3) Now thread peforms pthread_mutex_unlock. Ideally __lock should be 0 ( I assume ). But it does not happen.
(gdb) p *(pthread_mutex_t *) 0x6012e0
$4 = {__data = {__lock = -2147467466, __count = 1, __owner = 0, __nusers = 0, __kind = 32, __spins = 0, __elision = 0, __list = {
__prev = 0x0, __next = 0x0}}, __size = "6?\000\200\001", '\000' <repeats 11 times>, " ", '\000' <repeats 22 times>,
__align = 6442467126}
4) Now thread performs pthread_mutex_lock and it is taken up by __pause_nocancel indefenetely.

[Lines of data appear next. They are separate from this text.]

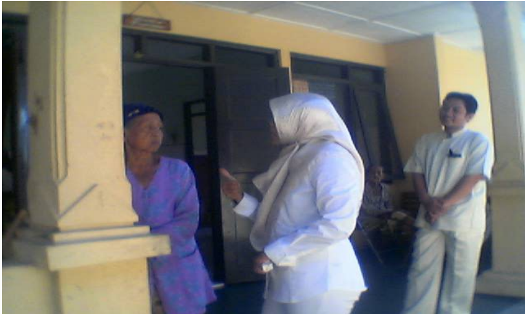
Gambar di atas merupakan salah satu kegiatan pembinaan kesehatan. Tampak seorang simbah mengkonsultasikan kesehatannya kepada tim medis.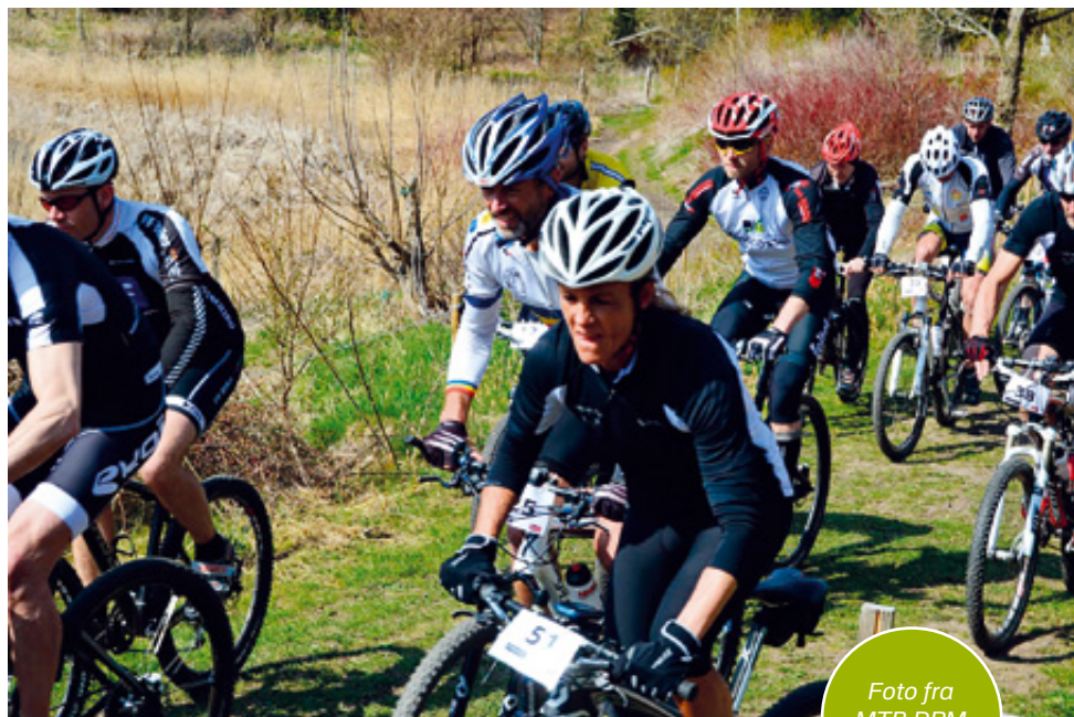
Foto fra MTB DPM 2013

Årets danske politimesterskaber afvikles på og omkring det smukke Høgsbjerg (Albertslundbjerget) ved Tueholmsøen ca. 1 km syd for politigården i Albertslund.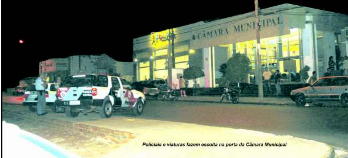
Policiais e viaturas fazem escolta na porta da Câmara Municipal

1. configure project with the following options:
/opt/WRLX6/wrlinux-6/wrlinux/configure --enable-board=intel-x86-64 --enable-kernel=preempt-rt --enable-rootfs=ovp-kvm+installer-support --enable-addons=wr-ovp --enable-sdkimage-staticlibs=yes --with-template=feature/kvm,feature/benchmark,feature/debug,feature/gdb,feature/kdump,feature/kexec,feature/kernel-debug,feature/kernel-tune,feature/build_libc,feature/dpdk-vswitch,feature/lttng2 --enable-parallel-pkgbuilds=8 --enable-jobs=8 --enable-checkout-all-layers=yes --with-package=wrs-kvm-helper,qemu,libvirt,libvirt-libvirtd,libvirt-virsh,kernel-module-kvm,kernel-module-kvm-intel,kernel-module-kvm-amd,bridge-utils,inetutils,inetutils-rshd,inetutils-telnetd,inetutils-ftpd,ltp --enable-rm-oldimgs=yes --enable-internet-download=yes --enable-reconfig --enable-prelink=no --with-rcpl-version=0020
2. apply the 4 patches in the OVP6-34 to kernel source, then rebuild the kernel.
2. compile the attaches test program, copy to the export/dist/root/
3. make start-target
run the test program.
It will hung the console all the time.
Without the patch, it will print "The problem is not recreated for you!", and then exit.